• What you should do
Retype, exactly and completely, the listing that comes next, skipping its images.
═════ Exercise data
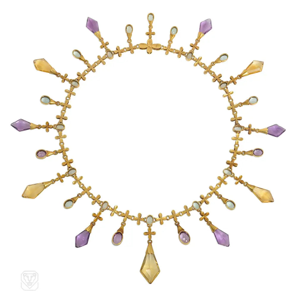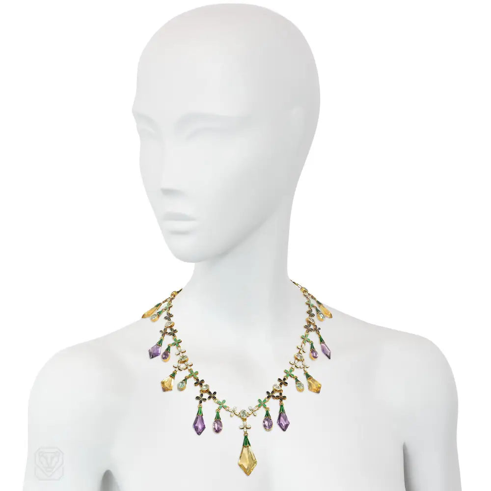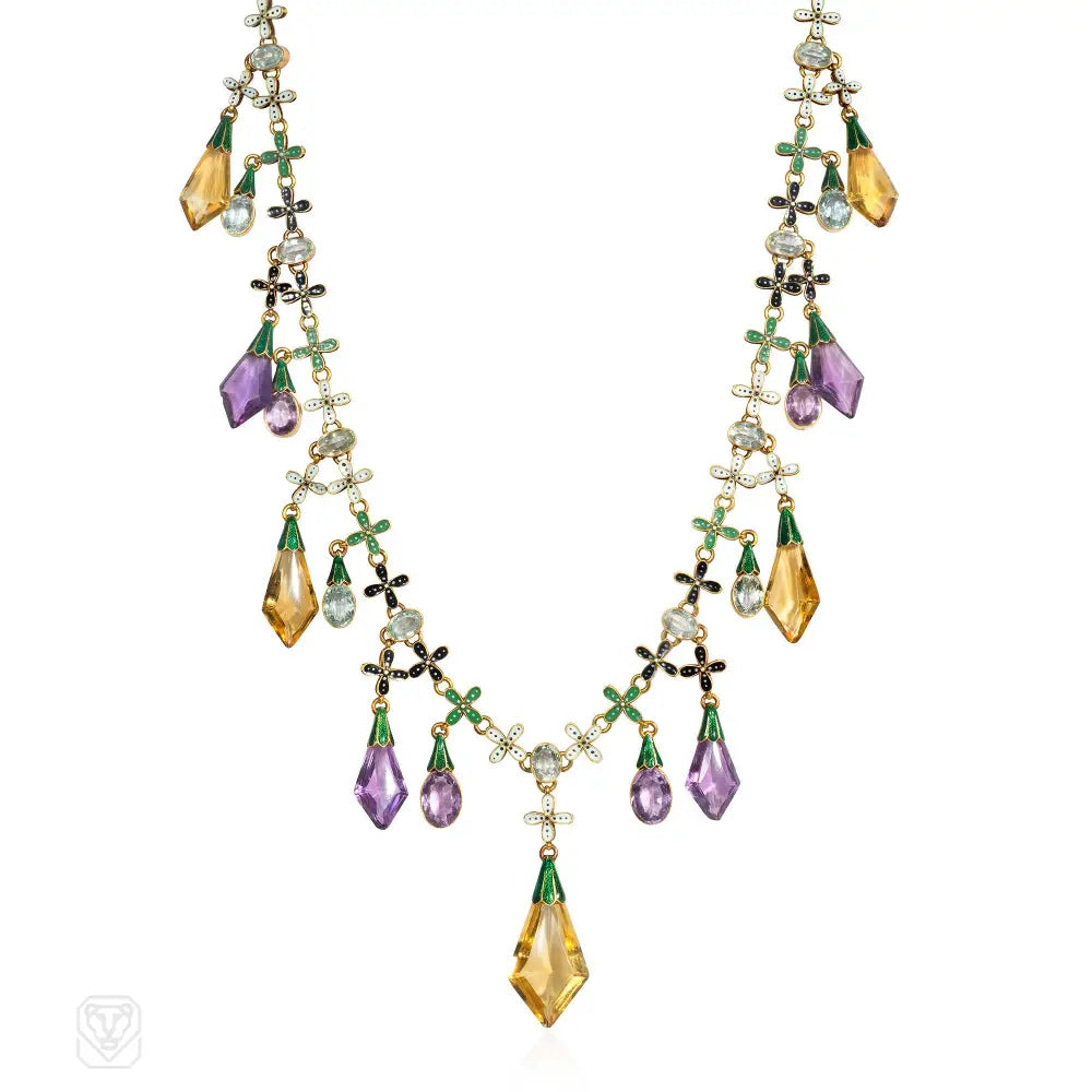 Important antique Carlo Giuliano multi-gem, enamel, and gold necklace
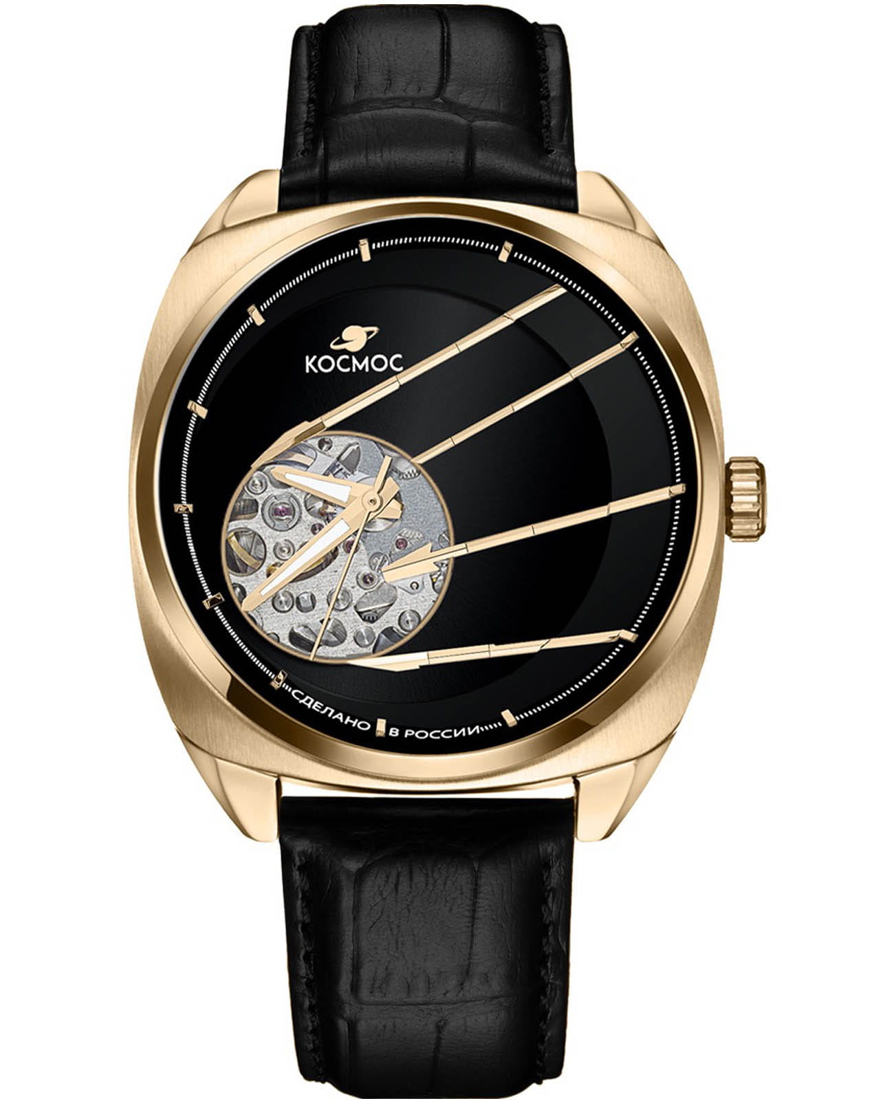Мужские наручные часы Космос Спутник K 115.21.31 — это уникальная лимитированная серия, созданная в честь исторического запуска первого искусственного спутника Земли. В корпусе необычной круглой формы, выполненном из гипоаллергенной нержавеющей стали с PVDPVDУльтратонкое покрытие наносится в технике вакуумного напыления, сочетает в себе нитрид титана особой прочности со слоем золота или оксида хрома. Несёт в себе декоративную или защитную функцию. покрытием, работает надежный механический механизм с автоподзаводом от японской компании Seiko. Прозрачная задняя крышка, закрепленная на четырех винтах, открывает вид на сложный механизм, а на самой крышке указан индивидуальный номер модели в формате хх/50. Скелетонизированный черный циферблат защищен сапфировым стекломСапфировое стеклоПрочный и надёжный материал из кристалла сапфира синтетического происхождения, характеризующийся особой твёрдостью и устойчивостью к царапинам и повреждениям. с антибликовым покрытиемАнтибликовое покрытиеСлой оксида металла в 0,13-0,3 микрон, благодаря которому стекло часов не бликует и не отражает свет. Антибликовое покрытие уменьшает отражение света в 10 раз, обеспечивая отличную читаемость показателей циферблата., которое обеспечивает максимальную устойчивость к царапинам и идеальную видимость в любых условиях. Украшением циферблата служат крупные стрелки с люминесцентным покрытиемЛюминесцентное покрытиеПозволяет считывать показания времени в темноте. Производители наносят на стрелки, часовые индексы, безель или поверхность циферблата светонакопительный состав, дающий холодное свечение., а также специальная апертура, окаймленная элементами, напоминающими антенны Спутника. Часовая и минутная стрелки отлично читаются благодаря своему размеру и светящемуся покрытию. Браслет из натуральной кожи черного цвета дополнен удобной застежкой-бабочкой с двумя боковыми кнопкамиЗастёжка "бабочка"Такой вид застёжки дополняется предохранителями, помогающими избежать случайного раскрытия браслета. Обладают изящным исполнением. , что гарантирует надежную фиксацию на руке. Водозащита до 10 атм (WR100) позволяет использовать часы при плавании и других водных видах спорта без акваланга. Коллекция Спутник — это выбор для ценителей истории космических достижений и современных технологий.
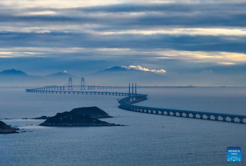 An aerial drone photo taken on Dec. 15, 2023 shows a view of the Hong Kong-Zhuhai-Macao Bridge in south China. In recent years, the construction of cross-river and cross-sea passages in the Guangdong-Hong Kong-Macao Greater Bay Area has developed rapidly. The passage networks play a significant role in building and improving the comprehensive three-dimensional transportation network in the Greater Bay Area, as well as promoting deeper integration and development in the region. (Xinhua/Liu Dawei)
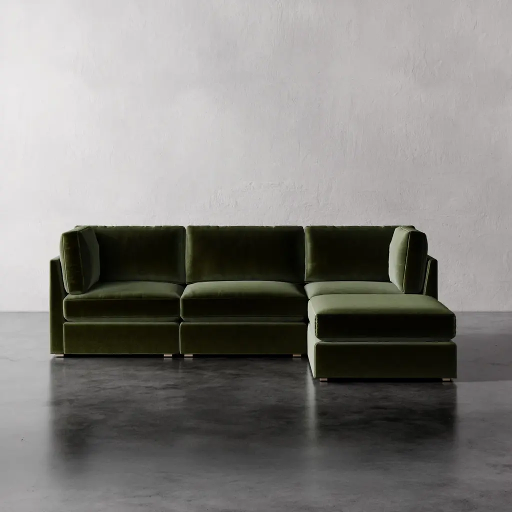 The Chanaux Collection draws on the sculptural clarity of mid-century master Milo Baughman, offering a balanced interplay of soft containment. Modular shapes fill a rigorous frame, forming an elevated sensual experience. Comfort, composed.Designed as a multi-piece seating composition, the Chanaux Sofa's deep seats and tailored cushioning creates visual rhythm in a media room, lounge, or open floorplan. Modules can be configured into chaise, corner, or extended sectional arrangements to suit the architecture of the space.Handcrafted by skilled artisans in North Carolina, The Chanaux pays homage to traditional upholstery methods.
══════════
• Solution
 Important antique Carlo Giuliano multi-gem, enamel, and gold necklace
Мужские наручные часы Космос Спутник K 115.21.31 — это уникальная лимитированная серия, созданная в честь исторического запуска первого искусственного спутника Земли. В корпусе необычной круглой формы, выполненном из гипоаллергенной нержавеющей стали с PVDPVDУльтратонкое покрытие наносится в технике вакуумного напыления, сочетает в себе нитрид титана особой прочности со слоем золота или оксида хрома. Несёт в себе декоративную или защитную функцию. покрытием, работает надежный механический механизм с автоподзаводом от японской компании Seiko. Прозрачная задняя крышка, закрепленная на четырех винтах, открывает вид на сложный механизм, а на самой крышке указан индивидуальный номер модели в формате хх/50. Скелетонизированный черный циферблат защищен сапфировым стекломСапфировое стеклоПрочный и надёжный материал из кристалла сапфира синтетического происхождения, характеризующийся особой твёрдостью и устойчивостью к царапинам и повреждениям. с антибликовым покрытиемАнтибликовое покрытиеСлой оксида металла в 0,13-0,3 микрон, благодаря которому стекло часов не бликует и не отражает свет. Антибликовое покрытие уменьшает отражение света в 10 раз, обеспечивая отличную читаемость показателей циферблата., которое обеспечивает максимальную устойчивость к царапинам и идеальную видимость в любых условиях. Украшением циферблата служат крупные стрелки с люминесцентным покрытиемЛюминесцентное покрытиеПозволяет считывать показания времени в темноте. Производители наносят на стрелки, часовые индексы, безель или поверхность циферблата светонакопительный состав, дающий холодное свечение., а также специальная апертура, окаймленная элементами, напоминающими антенны Спутника. Часовая и минутная стрелки отлично читаются благодаря своему размеру и светящемуся покрытию. Браслет из натуральной кожи черного цвета дополнен удобной застежкой-бабочкой с двумя боковыми кнопкамиЗастёжка "бабочка"Такой вид застёжки дополняется предохранителями, помогающими избежать случайного раскрытия браслета. Обладают изящным исполнением. , что гарантирует надежную фиксацию на руке. Водозащита до 10 атм (WR100) позволяет использовать часы при плавании и других водных видах спорта без акваланга. Коллекция Спутник — это выбор для ценителей истории космических достижений и современных технологий.
 An aerial drone photo taken on Dec. 15, 2023 shows a view of the Hong Kong-Zhuhai-Macao Bridge in south China. In recent years, the construction of cross-river and cross-sea passages in the Guangdong-Hong Kong-Macao Greater Bay Area has developed rapidly. The passage networks play a significant role in building and improving the comprehensive three-dimensional transportation network in the Greater Bay Area, as well as promoting deeper integration and development in the region. (Xinhua/Liu Dawei)
 The Chanaux Collection draws on the sculptural clarity of mid-century master Milo Baughman, offering a balanced interplay of soft containment. Modular shapes fill a rigorous frame, forming an elevated sensual experience. Comfort, composed.Designed as a multi-piece seating composition, the Chanaux Sofa's deep seats and tailored cushioning creates visual rhythm in a media room, lounge, or open floorplan. Modules can be configured into chaise, corner, or extended sectional arrangements to suit the architecture of the space.Handcrafted by skilled artisans in North Carolina, The Chanaux pays homage to traditional upholstery methods.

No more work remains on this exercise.